──────── Records supplied

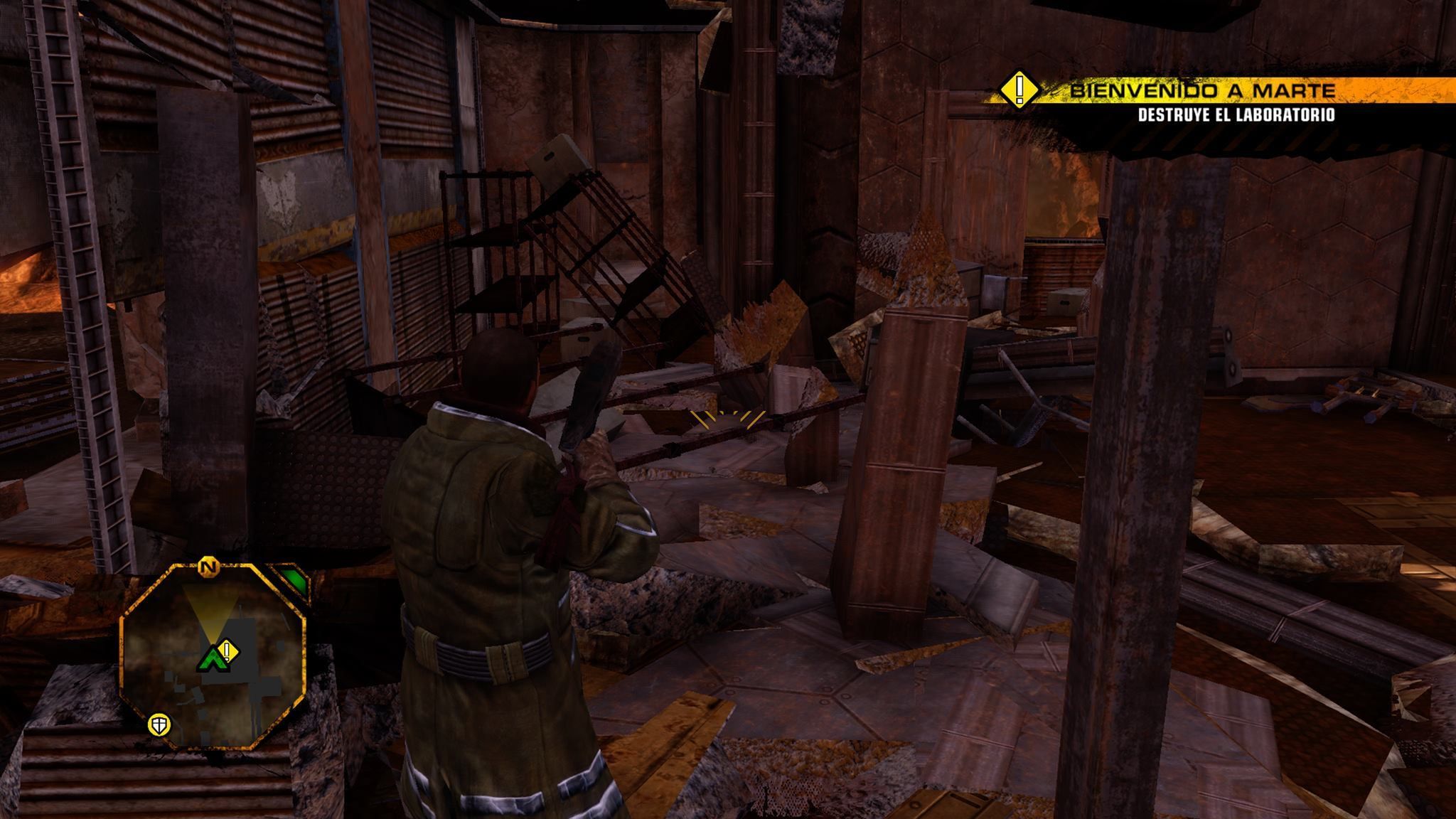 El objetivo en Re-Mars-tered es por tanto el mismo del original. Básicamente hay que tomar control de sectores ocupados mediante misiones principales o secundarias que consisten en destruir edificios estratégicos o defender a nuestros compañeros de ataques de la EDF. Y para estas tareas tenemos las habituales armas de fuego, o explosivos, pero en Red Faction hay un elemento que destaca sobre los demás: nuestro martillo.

────────────────
──────── Records supplied

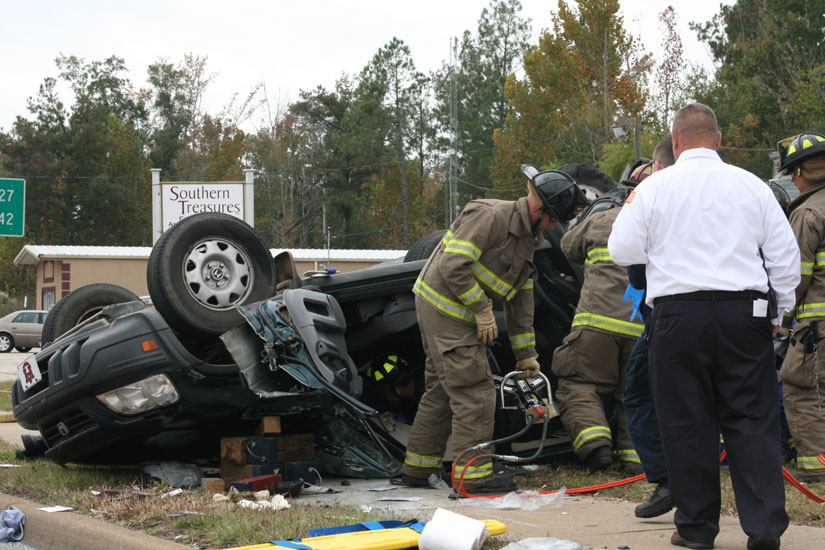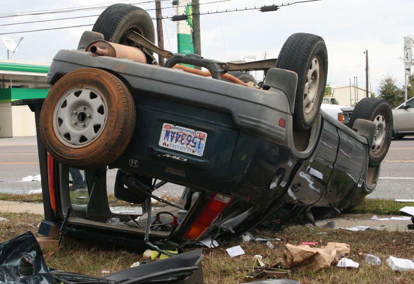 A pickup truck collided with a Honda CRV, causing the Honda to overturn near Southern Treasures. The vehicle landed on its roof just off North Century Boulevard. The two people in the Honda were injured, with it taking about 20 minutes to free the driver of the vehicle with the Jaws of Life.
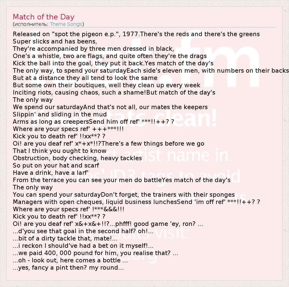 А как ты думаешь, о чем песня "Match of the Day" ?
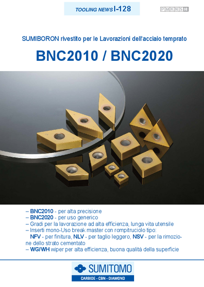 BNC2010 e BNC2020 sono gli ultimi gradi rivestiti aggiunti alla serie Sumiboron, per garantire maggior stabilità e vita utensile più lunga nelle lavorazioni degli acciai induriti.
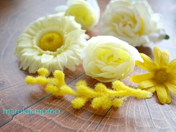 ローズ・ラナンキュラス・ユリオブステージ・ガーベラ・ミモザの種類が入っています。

────────────────
──────── Records supplied

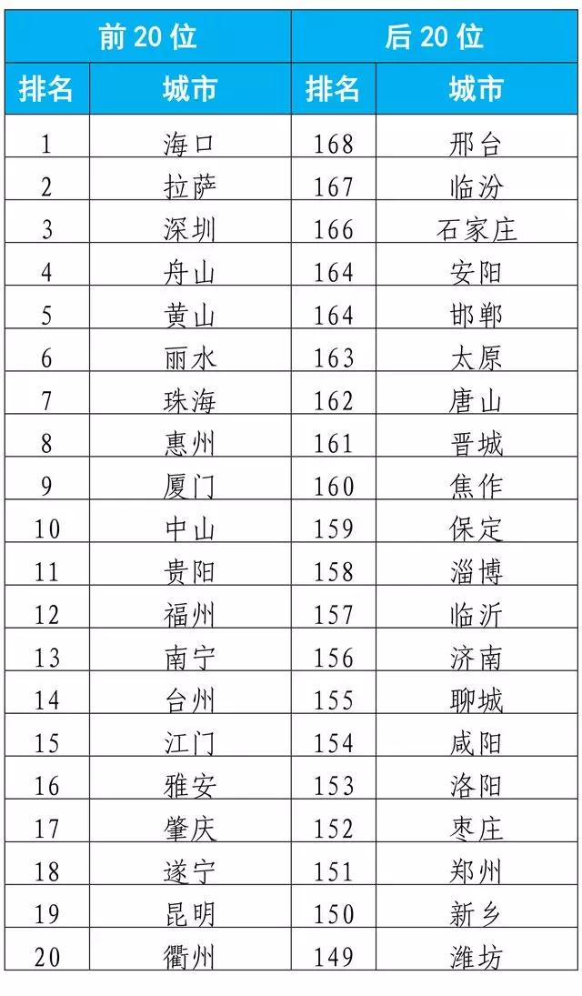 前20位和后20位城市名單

────────────────

=== Task objective ===
Give again, exactly as written above, each line from the one that has "BNC2010 e BNC2020" to the one that has "ローズ・ラナンキュラス・ユリ", both included; omit the pictures.

=== Result of this exercise ===
 BNC2010 e BNC2020 sono gli ultimi gradi rivestiti aggiunti alla serie Sumiboron, per garantire maggior stabilità e vita utensile più lunga nelle lavorazioni degli acciai induriti.
 ローズ・ラナンキュラス・ユリオブステージ・ガーベラ・ミモザの種類が入っています。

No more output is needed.